[Avodah] Moshe's name in the haggadah.
Simon Montagu
simon.montagu at gmail.com
Thu Mar 25 22:44:09 PDT 2010
On Thu, Mar 25, 2010 at 4:55 PM, Micha Berger <micha at aishdas.org> wrote:
> On Thu, Mar 25, 2010 at 09:42:20PM +0200, Simon Montagu continued our
> exchange:
> : > : Moses' name appears at the end of a pasuk in RYHG's derasha, and the
> : > : derasha is based on the beginning of the pasuk. I have always assumed
> : > : that the original girsa only quoted "Vayar' Yisrael et hayad hagedola"
> : > : and later versions added the rest of the verse. I have no sources, but
> : > : it makes sense to me.
>
> : > I'm not sure we were ever nohagim to read half a pasuq.
>
> : "'Tam ma hu omer? 'Ma zot'"
>
> The din against quoting parts of pesuqim is for more then two words.
Ha! I thought that the tam's two words would be the most slam-dunk
proof that we are not makpid on not quoting partial pesuqim in the
context of the Haggada, but apparently tafasti merube lo tafasti. But
there are other examples, including right there in "RYHG omer" -- the
"etzba`" proof-text is only half a pasuk!

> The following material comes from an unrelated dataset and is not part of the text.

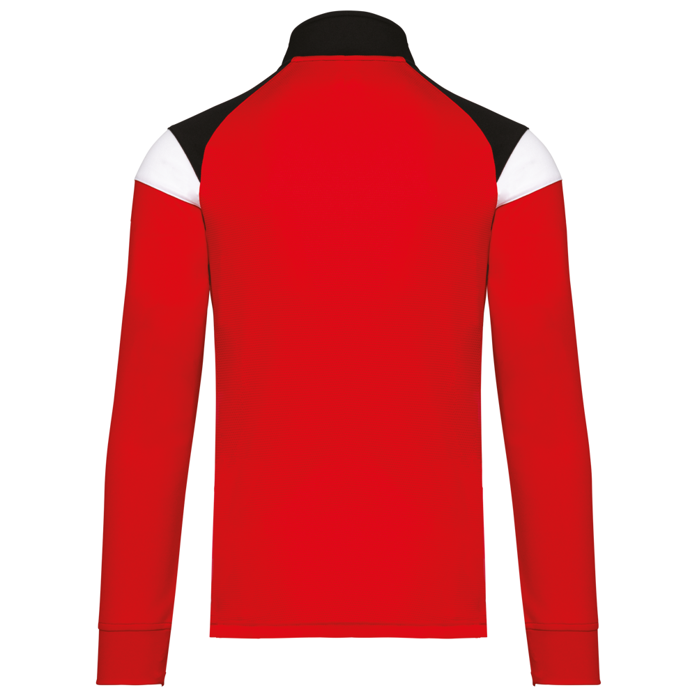 100% mat interlockpolyester. Rechte snit. Kraag met een omgekeerde ton-sur-ton nylonrits. Raglanmouwen met contrasterende inzetsels aan de schouder. Contrasterend inzetsel aan schouder en borst. Inzetsels in textuurstof opzij en achteraan. Zoom onderaan en verlengd achterpand. Zijsplitten voor meer gemak. Ritsafdekking boven aan de kraag, voor meer comfort. Afneembaar merklabel voor eenvoudige personalisatie.

Same goes for Hillel's "Al matzot umerurim yochluhu", the hacham's "ma
ha`edot...", the rasha's "ma ha`avoda hazot lachem" and the answer
"ba`avur ze...", Ben Zoma's "lema`an tizkor..." (and that one starts
after zakef katon, not even atnah)
And looking again at the tam, I realize that the quotation is in fact
not two words: the whole sentence from "ma zot" to "mibeit avadim" is
a verbatim quote of part of a pasuk.
> The question we discussed WRT Fri night Qiddush is why most people do not
> follow this rule. Saying "yom hashisi" would be okay -- 2 words isn't
> a quote. Starting with "Vayar' Elokim es kol asher asah" would be the
> whole pasuq. But whispering "Vayhi erev..." is starting mid-pasuq!
Claiming that "yom hashishi" is 2 words and therefore not a quote is
LAD dohek gadol when we're continuing with the next pasuk. I prefer
RRW's answer (especially since it also works for "al ken..." at
Shabbat morning qiddush)
>
> RRW argued, bringing other examples, that perhaps an esnachta is
> sufficient phrase separation from this rule. And "Vayhi erev" is starting
> Qiddush from the word after an esnachta.